Лошади пусть отдохнут. Им положено. Иначе потеряют и вид, и резвость, и озорной норов. А вот ему пройтись очень даже не мешает. Не все ж на Москву из окна экипажа смотреть.
Москва с высоты собственных ног представляла зрелище фантасмагорическое. Старые вывески, муляжные окорока в разбитых витринах — и пустота на тротуарах. Редкие прохожие шли кто куда. Одни на службу — узнавались по деловитой походке и портфельчику либо сверточку под мышкою. В портфельчике или сверточке находились судки или коробки, в которые можно будет сложить часть казенного обеда, полагавшегося служащим прямо на работе. Сложить и отнести домой. Другие шли по-привычке ходить на службу: портфельчиков у них не было, походка не то, что деловита, а боязливая, как у нижнего чина в городском саду — а ну, как шуганут взашей — да и весь вид говорил: «Господа, не трогайте нас, мы ничего плохого не делаем, а так, погулять вышли». Третьи шли по своим делам — выменять одно что-нибудь на другое что-нибудь, и непрестанно косились по сторонам. Четвертые — хищники, выискивали третьих. Впрочем, добыча обещала быть мизерной, и хищники потому тоже были мизерны. Одинокие крысы на свалке. Да, обидно, что он встал так рано. Мог бы поспать до полудня, все равно кремлевские дамы раньше не принимают. Или принимают? Некоторые, он знал наверное, даже служат. Одни, как товарищ Зет, в учреждениях неприметных для постороннего глаза, даже тайных, другие во всем блеске и сиянии возглавляют «комитет по освобождению женщин» — как Александра Тюнгашева, например. Вот к товарищу Тюнгашевой и пойдем. Муж Тюнгашевой, вернее, товарищ — мужей, как и сам институт брака Тюнгашева не признавала принципиально, считая это элементом закрепощения, — был в партии величиной весьма умеренной, и греться в лучах его славы и влияния могла разве что кухарка. Но Александра Тюнгашева кухаркой не была, напротив, она хотела извести кухарок, как отжившее явление. А еще она хотела управлять государством, рассуждая просто: женщин больше, чем мужчин, значит, и главою государства в итоге должна стать женщина. В итоге — потому что предстоит долгий путь. Сначала избавиться от домашней работы — кухни и прочего, затем от материнских забот — родила и в дом коммунистического воспитания отдала, а вместо этого женщина должна пополнить ряды пролетариата. Миллион женщин к станку! Товарищ Ленин говорит о ста тысячах тракторов для объедененного сельского хозяйства. Прекрасно. Сто тысяч подруг на тракторы! А шахты, а железная дорога. Наконец, армия!

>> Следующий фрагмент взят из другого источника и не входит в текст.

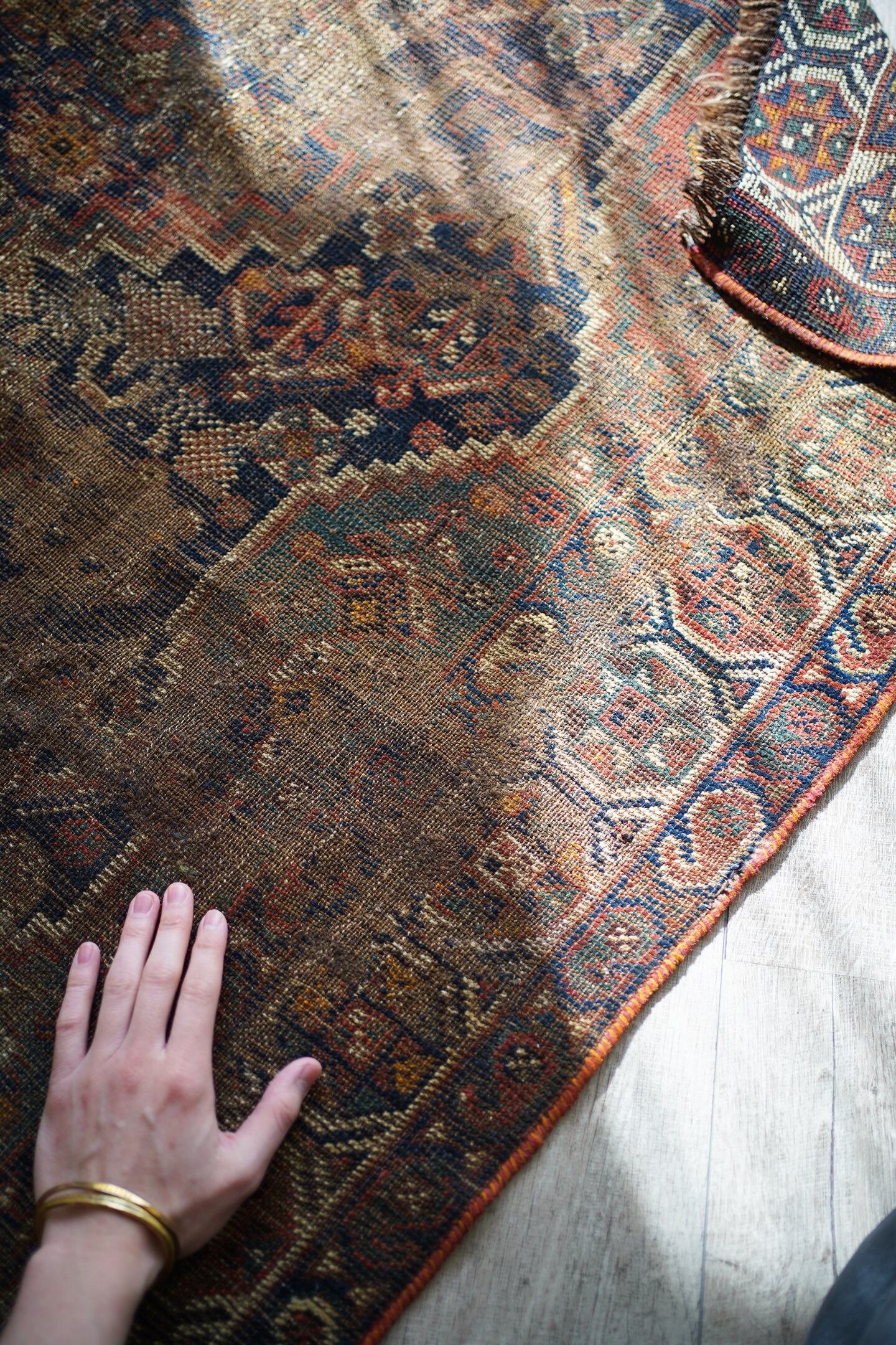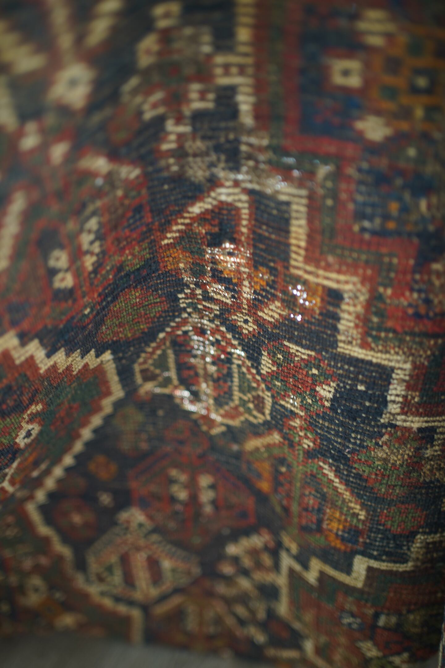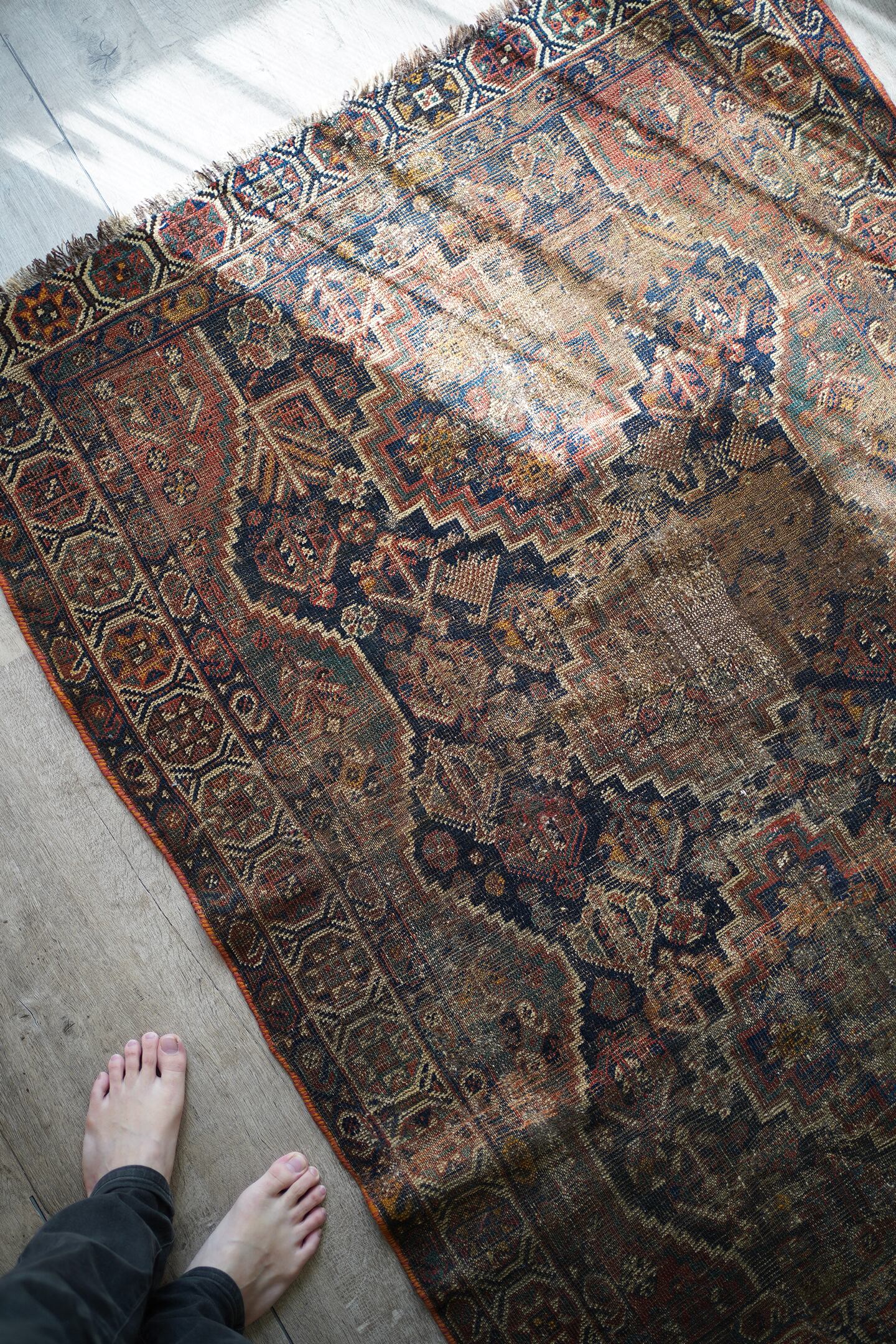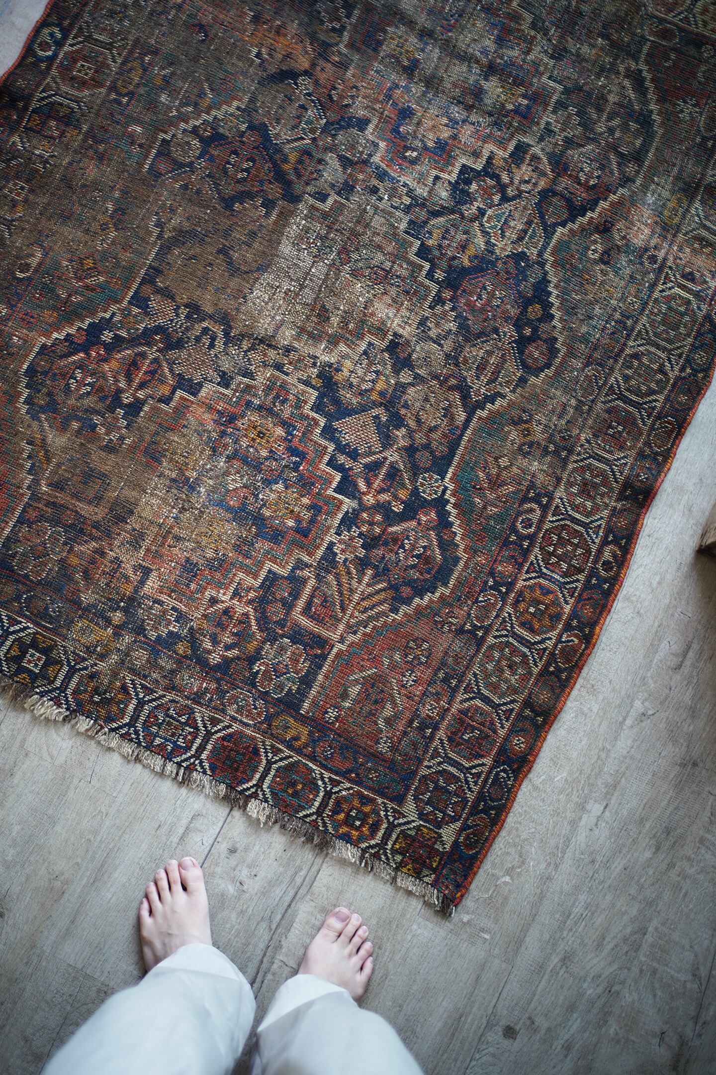 約1930年頃に織られたセミアンティークのイラン・シラーズ産のカシュガイラグ。経年による擦れと補修跡により、元のデザインがわからなくなってしまっているほどの状態ですが、それがまたアンティークとして美しく、素晴らしい風合いです。擦れの状態について現地のセラーに確認したところ、長い年月使い込まれていく中で自然とこの風合いとなった一枚だそうです。光にかざして裏面から透かしてみると、かなり薄くなっている部分が多々あります(お写真最後ご参照ください)。穴と呼べるようなところはありませんが、間隔が少し広くなっているところもございます(普段敷いて表面から見る分には全くわからないかと思います)。パイルもほとんど残っておらず、サラッと乾いた質感で3mm程度で非常に薄い質感です。歪み等含め、アンティークとしての状態にご理解いただける方にお譲りできればと思います。ご自宅はもちろん、スタジオやお店のエントランスなどにもオススメです。
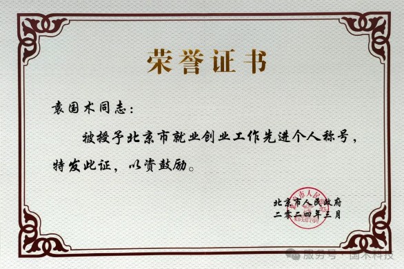 袁國術(shù)被北京市政府授予“北京市就業(yè)創(chuàng)業(yè)工作先進(jìn)個(gè)人”稱號。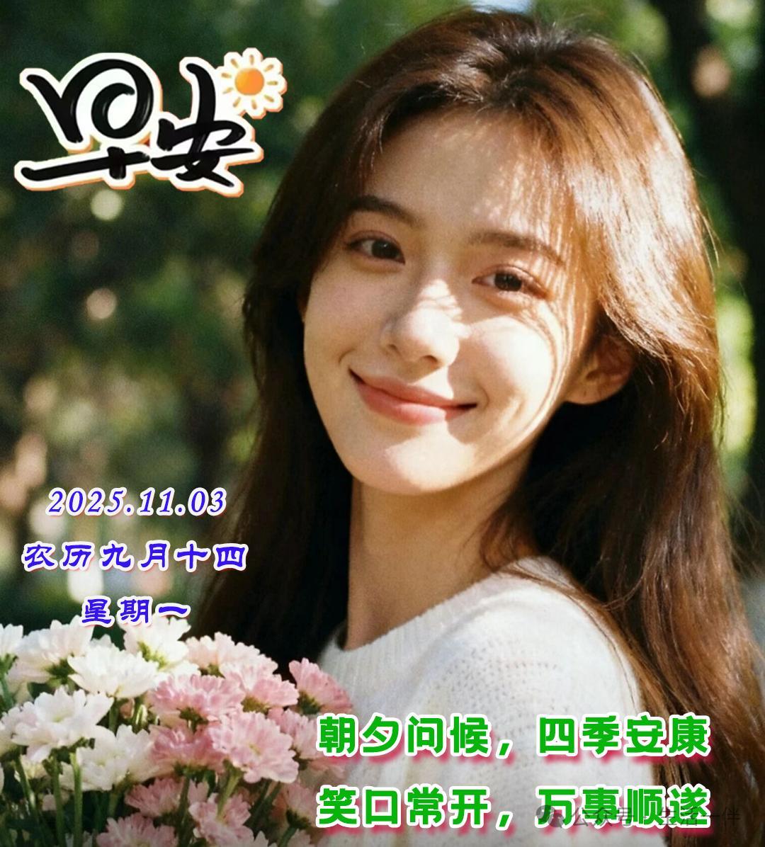 美好清晨,秋意盎然,帶着吉祥,帶着花香,送上真摯祝願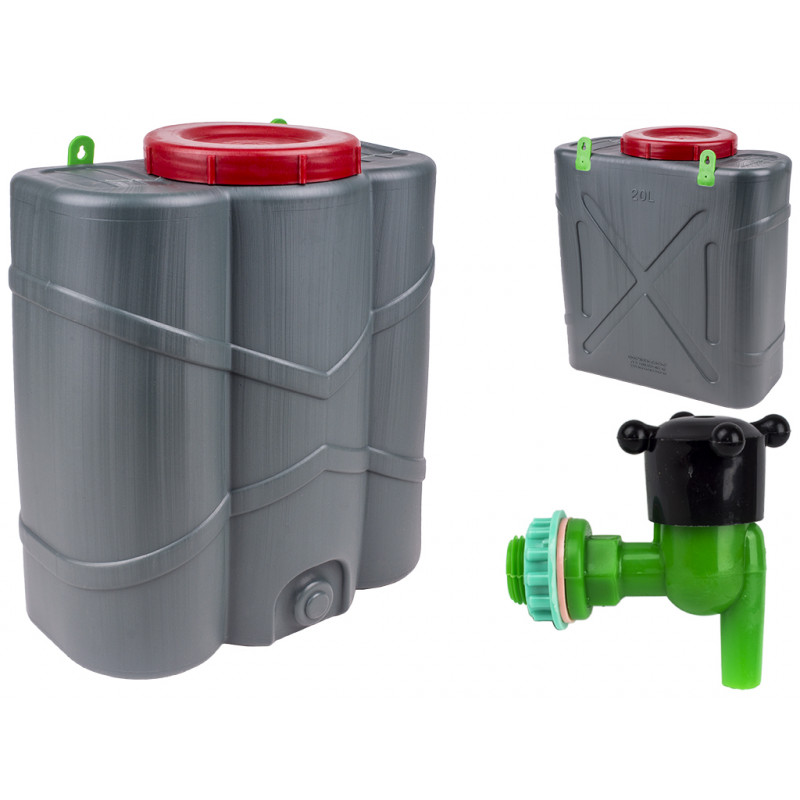 Рукомойник 20л с крышкой выполнен в виде объемного прямоугольника, компактный и удобный в применении. В верхней части находится заливное отверстие, которое закрывается винтовой крышкой, в нижней части находится отверстие для среза и крепления съемного крана, который имеется в комплекте. Большое горлышко придает удобство во время процесса заполнения канистры водой.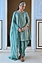 Featuring a turquoise blue kurta in silk base with leaf embroidery. It is paired with dhoti and a viscose organza dupatta. Accentuate it with statement jewellery and heels for a festive occasion or pooja ceremony.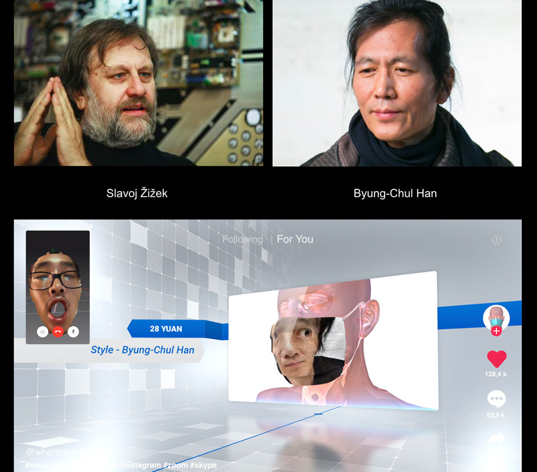 Due of COVID, it’s the first time we have seen so many thinkers from all over the world writing about the same issue at the same time, from Italian philosopher Giorgio Agemben’s techno-totalitarism, to French philosopher Bruno Latour and French writer François Gemenne’s argument on COVID’s influence on climate change, to the reference I used in my work: The argument between Slovenian philosopher Zizek and Korean-born German philosopher Han Byung-Chul. Zizek writes that the pandemics invites us to re-thinking the radical change of global capitalism and the re-invention of communism, whereas Han Byung-Chul declares that Žižek is wrong because global capitalism will be restored vigorously soon after this crisis and the virus cannot give us to “think” or “re-think” politics. He argues that the state of an emergency always serves as an excuse for the more enhanced system of government.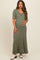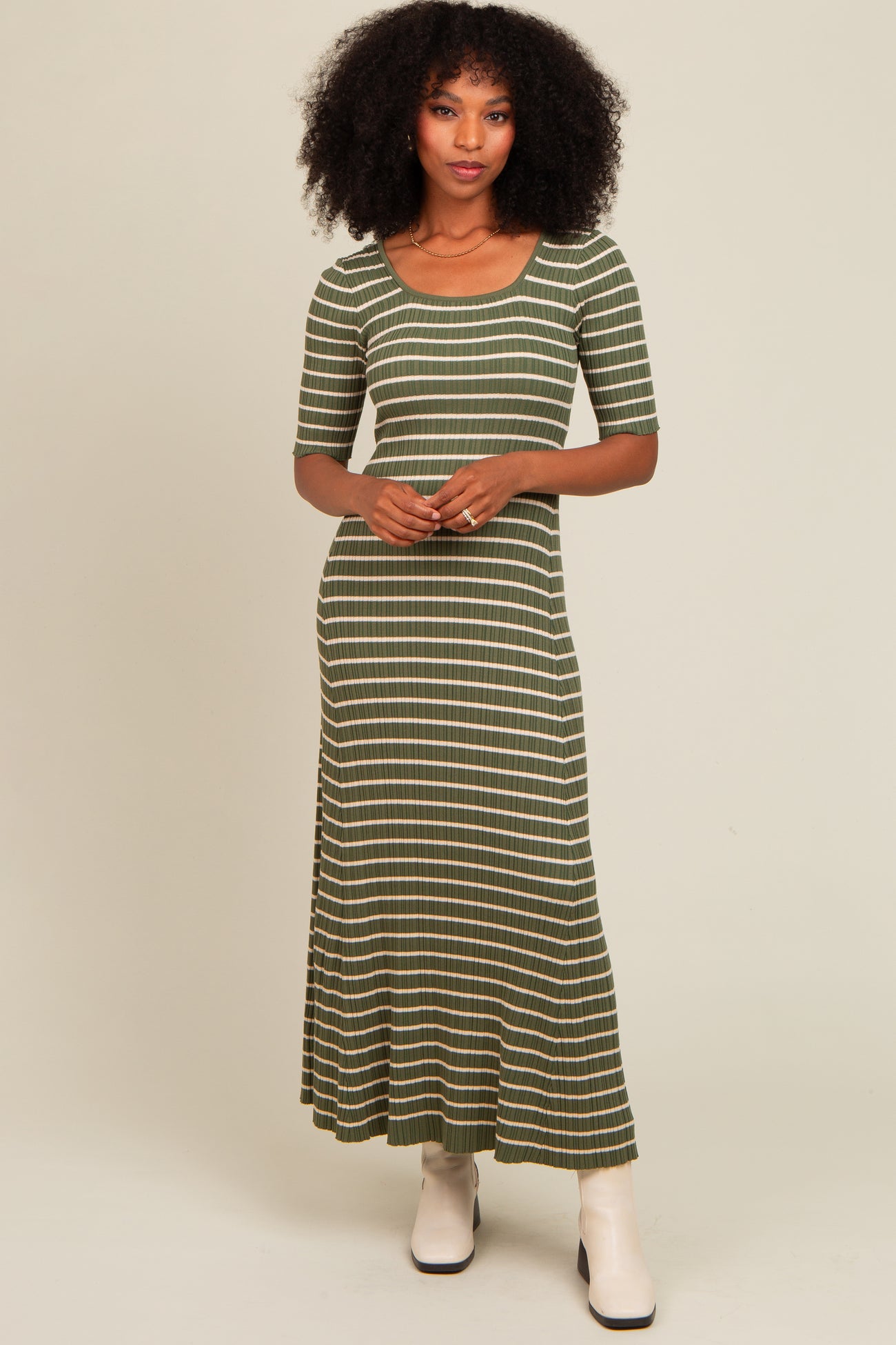 Olive Striped Ribbed Short Sleeve Maternity Maxi Dress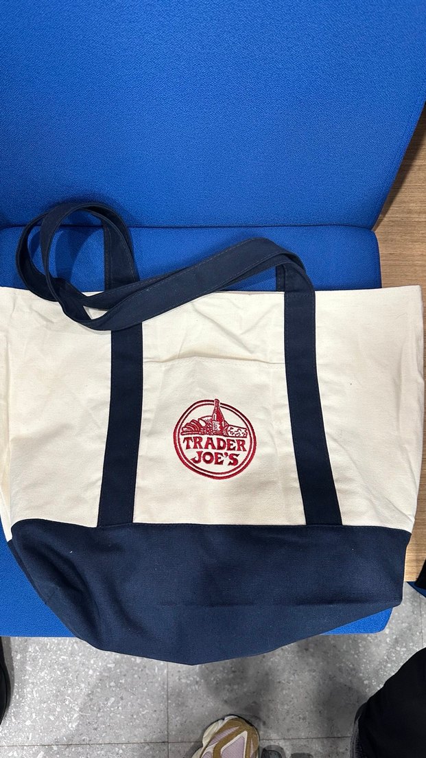 Keten kumaştan yapılmış, üzerinde Trader Joe's baskısı bulunan kadın tote çanta. Lacivert saplara ve geniş iç hacme sahiptir. Günlük sokak stili için uygundur.

Но с армией пока приходилось годить. Сначала следовало отвлечь женщин от кухни и научить читать. Скудость продуктов и коммунальные квартиры с уплотением помогали отваживать от личной кухонной плиты. Учить читать женщин предполагалось во Дворце Грамотности, который предстояло построить где-нибудь на месте сегодняшних купеческих особняков, но строить можно было только после окончания войны с буржуазией. Пока же писались планы и рассылались циркуляры. А рассылались они как раз из купеческого особняка, отданного под комиссию по освобождению женщин.
Туда Арехин и направлялся.
Сегодня пришла отттепель, но не беда — он уже третий день надевал калоши, добрые старые калоши. То есть не совсем старые, напротив, новые: камердинер, прослышав про февральскую революцию, первым делом купил две дюжины калош: «воровать будут, Александр Александрович, а начнут с калош. Так в прошлое безобразие было, а это-то похлеще выходит, потому две дюжины калош, без сомнения, пригодятся» — объяснил камердинер Арехину свое приобретение.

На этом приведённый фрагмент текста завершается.